Come on now, Jim! You know perfectly well who I am.

“How… how could I?”

Because you have communed vnth me many times throughout your adult life.

“Communed? I’ve never been a believer. The only deity I ever acknowledged was… the Gaseous Vertebrate!”

Well done, Jim.

“But that’s impossible! You’re just a sort of a private joke. I mean, I invented you!”

No, Jim—I invented you.

Somehow Nicklin managed to resuscitate the argumentative side of his character. “I’m sorry, but I can’t go along with that,” he said. “It doesn’t even make dream-sense to me.”

You always have to make things difficult. I simply wanted to personalise myself for your benefit. Your conception of the Gaseous Vertebrate… the Supreme Prankster… is as near as you have come to visualising a higher order of being.

“I meant him as an analogue of blind chance.”

Yes, but you personalised him.

“Nevertheless, it’s wrong to think of you as the Gaseous Vertebrate?”

It doesn’t have to be wrong.

“Are you claiming to be God?”

I am not claiming to be God—but you may think of me that way, if you please.

“This could go on and on. I prefer Gaseous Vertebrate.”

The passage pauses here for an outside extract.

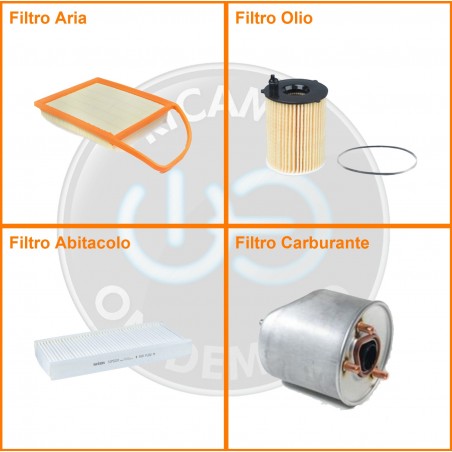 ComposizioneFiltro gasolio, Filtro olio, Filtro abitacolo, Filtro aria

So, after much circumlocution, you are back where you started—I am the Gaseous Vertebrate.

“Are you also the Good Fairy? Did you create the artefact I knew as Orbitsville?”

At last you have asked a sensible question, one to which I can give a sensible answer. No, I did not create Orbitsville.

“Have you any objections to telling me who did?”

I have no objections at all, Jim. I am willing to provide all the knowledge you are capable of assimilating. Your mind is part of my mind at this unique moment in cosmic history. The only limits to the amount of knowledge you may gain are the limits of your own mentality.

“Did you say my mind is part of your mind?”

Let’s have no rhetorical questions, Jim. You know what I said.

“But it’s important to me. There are little questions as well as big questions. For instance, I would like to know why I am not afraid. I have wandered into a surrealist nightmare, and I have witnessed horrors—”

The horrors were of your own devising.

“All right, but I’m alone in what might easily be a Dali landscape with what might easily be a black statue the size of a mountain… and yet I am not afraid. Why is that?”

You are in mental space now. You exist as a mindon entity—and, as such, you are immune to all the fears which trouble a carnate being.

“I see. So that’s why I can hold a conversation with a sentient black skyscraper.”

There is no conversation. For the moment your mind has been encompassed by and united with my mind. You must take what you can, and make of it what you will.

“Very well then—who built Orbitsville?”

Orbitsville was devised and constructed by beings who are more highly evolved than humans. In their one direct encounter with humans they chose to call themselves Ultans. That is as good a name as any.